Page - Statistical vs. Social Significance
Statistical vs. Social Significance
Insights from the Ambassadors
The error of treating statistical significance as ipso facto equivalent to social significance seems to be standard practice in the program evaluation domain.
– David Hunter, Hunter Consulting, LLC
Statistical significance and policy relevance are not the same thing. One has to reach a judgment about any project’s results by separately considering both forms of significance.
– Gordon Berlin, President, MDRC
Overview
The July 2015 exchange among ambassadors about statistically significant impact vs. social (or policy) value in many ways reflects the internal debate over the hot-button issue of external evaluation during the development of “The Performance Imperative.” Ultimately, ambassadors robustly endorsed external evaluation as Pillar 7 of the Performance Imperative, while making clear that no one type of evaluation is right for every organization at every stage of organizational development. Similarly, ambassadors both questioned and offered thoughtful explanations of the value of statistical significance, while agreeing that it is not the same as social value and that additional context and considerations are necessary to ensure socially valuable outcomes.
The full context of each ambassador’s contribution to the exchange is listed in the Appendix.
Background/The Issue at Hand
In a community post on July 11, Mario Morino solicited ambassadors’ thoughts on the Social Innovation Research Center’s (SIRC) report, “Social Innovation Fund: Early Results Are Promising,” which described, with reasonable qualification, positive evaluation findings for several SIF-funded programs. David Hunter’s concern with the report centered on the way in which SIRC interpreted the results of MRDC’s evaluation of Reading Partners, a volunteer tutoring program for kids who are 6-30 months behind their age-mates in reading. While taking no issue with the quality of MRDC’s research, which found “statistically significant impacts…equivalent to approximately one-and-a-half to two months of additional progress in reading,” David critiqued SIRC for concluding, “the Reading Partners model is effective.” As David stated, “I want to focus on one issue: the difference between statistical significance and social significance…and how very frequently (including in this instance) the former is treated as if it were inherently the latter.“
David illustrated his point further:
If our child was 30 months behind his or her age cohort in reading, would we be happy if that child caught up 2 months (maximum) after participating in a 28-week reading improvement program? He or she would still be 28 months behind and, I think it is fair to say, still at a great educational disadvantage….In other words, the report does not address whether the statistically significant impacts of Reading Partners has any social value.

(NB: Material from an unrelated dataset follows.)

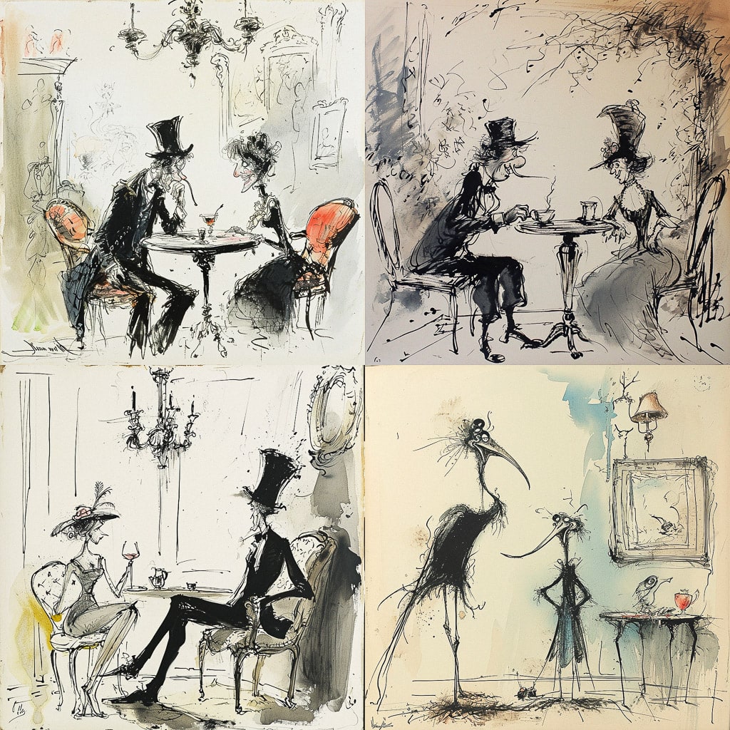 Ronald Searle — выдающийся британский художник-карикатурист и иллюстратор. Его работы отличаются остроумием и сатирой, а также уникальным стилем, сочетающим элементы реализма и гротеска. Searle известен своими иллюстрациями к книгам, а также политическими и социальными карикатурами. Его работы часто наполнены иронией и критикой современного общества.

Context and Considerations
Three ambassadors– Gordon Berlin, Kris Moore, and Mari Kuraishi–responded to David’s critique by offering additional considerations for assessing the value of statistical vs. social significance.
Statistical and social significance must be considered separately
Gordon Berlin: “Statistical significance and policy relevance are not the same thing. One has to reach a judgment about any project’s results by separately considering both forms of significance.”
- Statistical significance represents only an average, and, like any average, there is a lot of dispersion around that mean. “Some children gained more, some children gained nothing; in fact, some might have lost ground. The analysis and the numbers do not really tell us anything about individual children.”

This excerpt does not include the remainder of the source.